A Day in the Life of a Language and Culture Assistant

Authored by:
Dana H.

Dana H.

    Not every day is the same here in Madrid. There are new faces, new cities, new countries. Different skills are learned and fresh challenges are faced. Each day I am growing and adapting and seeing things in a new light. My weekdays are pretty busy but I try to keep to a solid routine in order to keep my head clear. Everyone’s experience as a language assistant will vary, but let me tell you how an average Thursday looks for me.

    I wake up at 7:30. Luckily none of my roommates have early classes so I can get ready in peace in the morning and don’t have to wait for the bathroom. I make my coffee and fry up some eggs or microwave a pre-made Spanish tortilla that I bought at Lidl. I’ll usually pack my lunch so I don’t have to buy it or come home during my break. I get dressed, do my makeup and hair, and head out the door.

    I am the luckiest language assistant I know because my school is a glorious 15-minute walk from my house. On my walk I see the same old man on a bicycle approximately two minutes after I leave my apartment and the same dad pulling his child on a scooter approximately five minutes before I get to my school. Every day my schedule is different but on Thursdays at 9:00 I head to one of my sixth grade classes for the first two periods.

    Sixth graders are some of my favorite kids because they’re smart enough to have full conversations with you but still young and awkward enough to not terrify you. With this class I usually go out in the hall with groups of two and play an English board game with them or do activities like have them compare two pictures to find the differences.

    At 10:30 I go down to the teachers lounge for coffee and snacks. Snacks usually include bread with some form of meat or cheese, cookies, and fruit. All seven of us auxiliares sit at one table and chat for a half hour.

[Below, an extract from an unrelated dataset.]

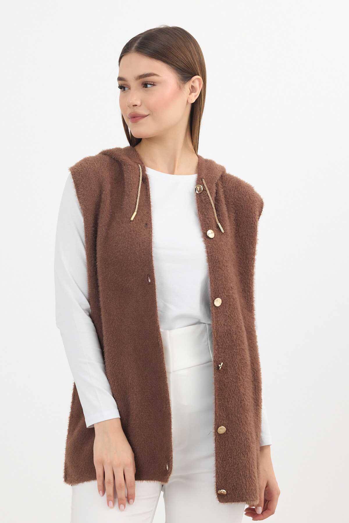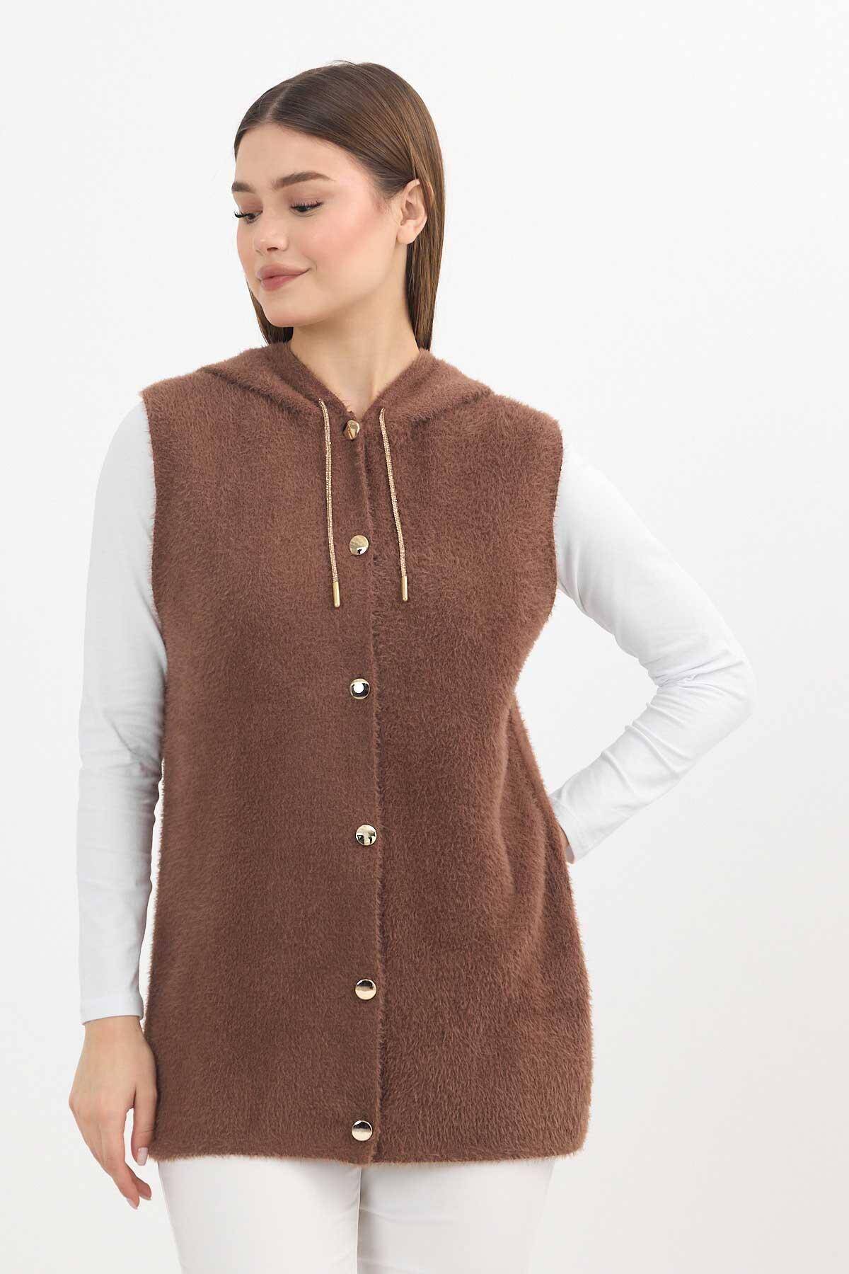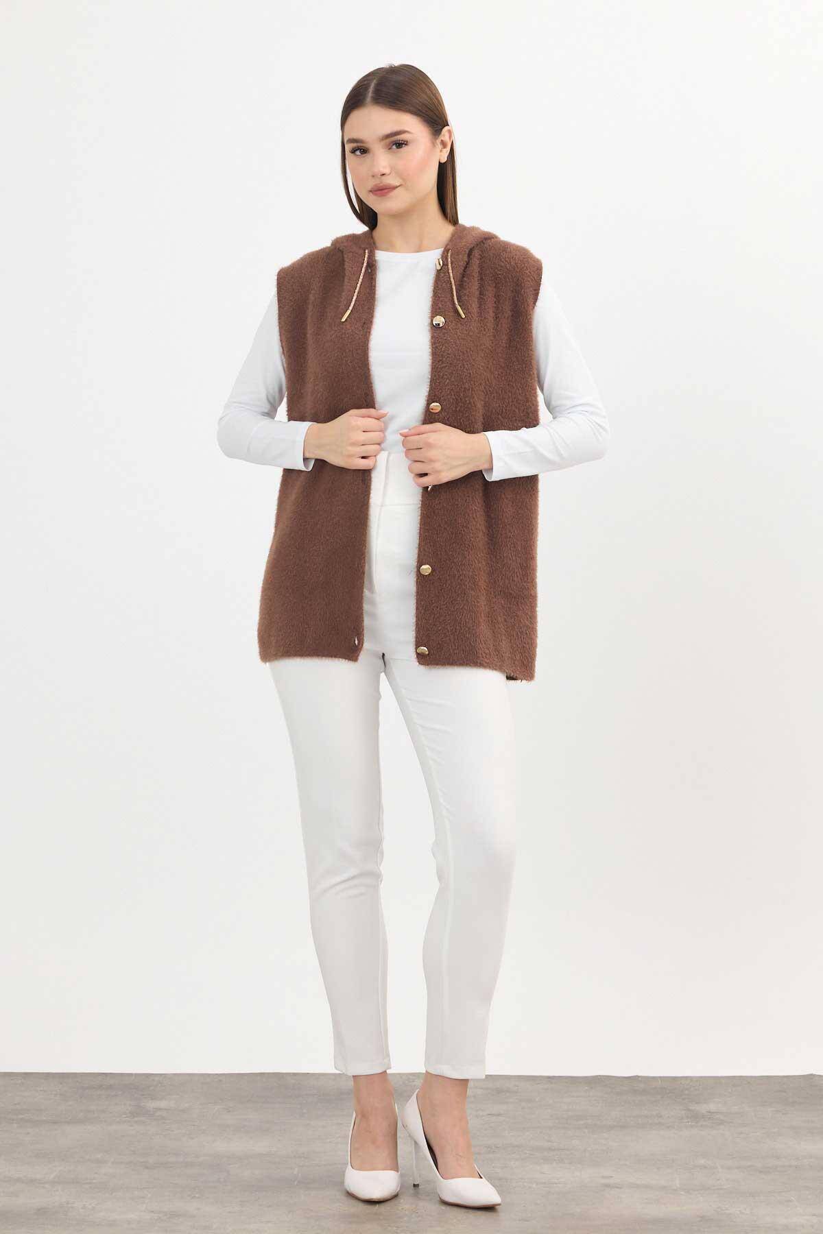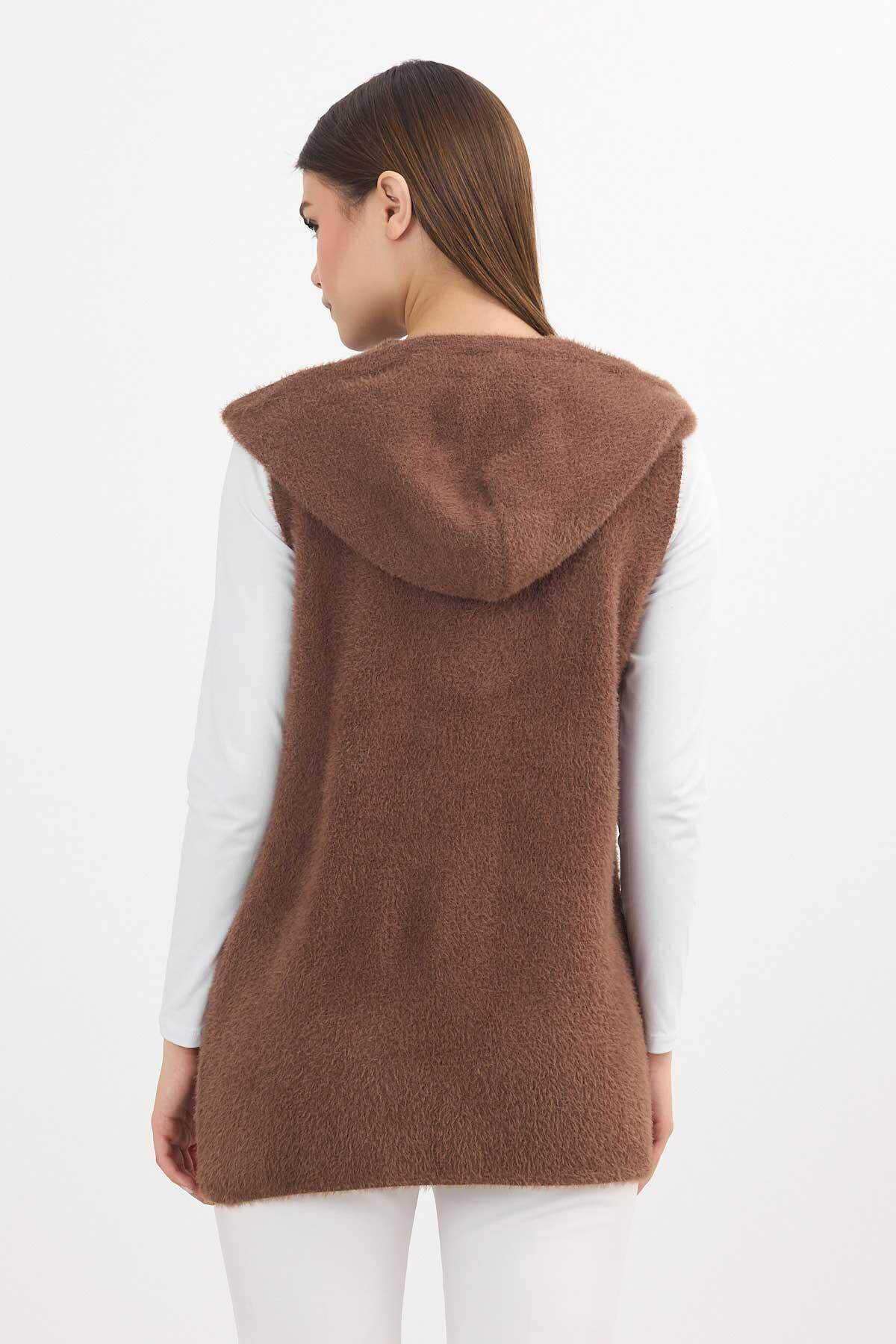 6681 Kapüşonlu Yumoş Yelek Kahve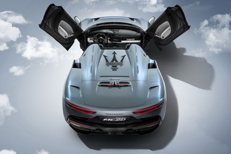A formatervezésben semmi sem öncélú vagy felesleges, mindennek megvan a maga funkciója. A mégis különleges, megkapó hatást az MC20-tól megörökölt méltán híres, felfelé nyíló pillangóajtók szolgáltatják, melyek kivitelezése garantálja, hogy a vezető és az utasok könnyedén szállhassanak ki és be. A pillangóajtók emellett bepillantást engednek a szénszálas vezetőfülkébe és a teljesen leplezetlen első kerékre egyaránt.

    At 11:00 I go to one of my fourth grade classes. This group of fourth graders happen to be a particularly rambunctious group of monsters that I was moderately terrified of at first because the first twenty minutes of class were usually devoted to getting them to sit down and be quiet. However, as I get to know them individually, I’m beginning to love them. Last class a group of them begged me to sit with them, and as we all know, having a group of Spanish fourth graders ask you to sit with them is the ultimate compliment.

    With this group I may go out in the hall and quiz them on the natural science chapter they’re learning. Usually they’re so hyper that I have to make it a little exciting to get them involved before they end up all yelling at each other in Spanish.

    “Quick! Adrián just burnt his hand on the stove! What do we do??” I’ll shout at them as we review the health and illnesses chapter.

    The others will start jumping around excitedly.

    “Ehh— Water! Cold water!”

    At 11:45 I have another group of sixth graders. These are one of my favorite groups because I have them three times a week so I memorized all their names long ago and know them better than I do any of my other classes. I do whatever their teacher asks me to do with them, from reading instructions to the whole class in English so they can “hear a nice American accent,” to taking them to the hall to chat in order to prepare them for their final oral exam.

    Last class they were going over the sexual reproduction unit for science and as soon as I walked into the room, the teacher asked the class, “now who would like to go out into the hall and talk with Dana about penises and vaginas?” to which several sixth grade boys raised their hands.

    At 12:30 I have a two hour lunch break. On Mondays and Wednesdays I’ll either go home or get lunch with my coworkers, but on Tuesdays and Thursdays I want these long breaks to be productive so I meet my Spanish tutor at a cafe down the street. She prepares very helpful lessons for me and it’s a nice way to break up a day of speaking only in English.

At 2:30 I go back to the same sixth grade class and then at 3:15 my school day is over. It’s always a little sad to leave my goobers for the weekend but I will see them on Tuesday!

    If I’m feeling extra productive and have already finished my lesson planning for that night, I’ll go home and change and then head to the gym, which is just a six minute walk from my apartment. I’ll exercise, come home and shower, and then head to my tutoring lesson at 5:30. I tutor a six-year old and an eight-year old from 6:00 p.m- 8:00 p.m.

    When I return home, I make myself a late dinner (late for me, average for Spanish people) and either head to bed, meet a friend for drinks, or head to a friend’s house for a movie night.

    Life here is exactly the amount of routine that gives you comfort and allows you to grow while still having opportunity for adventure and spontaneity. It can be as relaxing, comfortable, or exciting as you want! I know every language assistant’s day is different from mine and this experience really is what you make it. I’m trying to make the most of each day here in Madrid.